• TASK INPUT
====
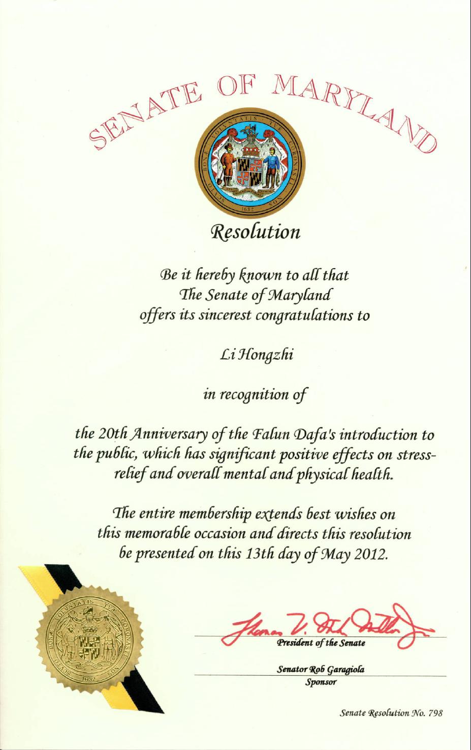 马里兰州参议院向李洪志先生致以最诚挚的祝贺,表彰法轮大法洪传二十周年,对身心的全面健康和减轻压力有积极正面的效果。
====
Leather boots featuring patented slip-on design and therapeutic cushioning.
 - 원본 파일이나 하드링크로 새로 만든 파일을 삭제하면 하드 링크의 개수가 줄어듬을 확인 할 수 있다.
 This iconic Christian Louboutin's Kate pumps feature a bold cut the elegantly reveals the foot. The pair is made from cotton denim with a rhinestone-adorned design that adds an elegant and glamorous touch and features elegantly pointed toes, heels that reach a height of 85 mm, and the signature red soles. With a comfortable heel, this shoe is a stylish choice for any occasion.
====
• WHAT THE EXERCISE ASKS
Output the lines of the records above exactly as they appear, from the line containing "Leather boots featuring" through the line containing "This iconic Christian".

• WRITTEN ANSWER
Leather boots featuring patented slip-on design and therapeutic cushioning.
 - 원본 파일이나 하드링크로 새로 만든 파일을 삭제하면 하드 링크의 개수가 줄어듬을 확인 할 수 있다.
 This iconic Christian Louboutin's Kate pumps feature a bold cut the elegantly reveals the foot. The pair is made from cotton denim with a rhinestone-adorned design that adds an elegant and glamorous touch and features elegantly pointed toes, heels that reach a height of 85 mm, and the signature red soles. With a comfortable heel, this shoe is a stylish choice for any occasion.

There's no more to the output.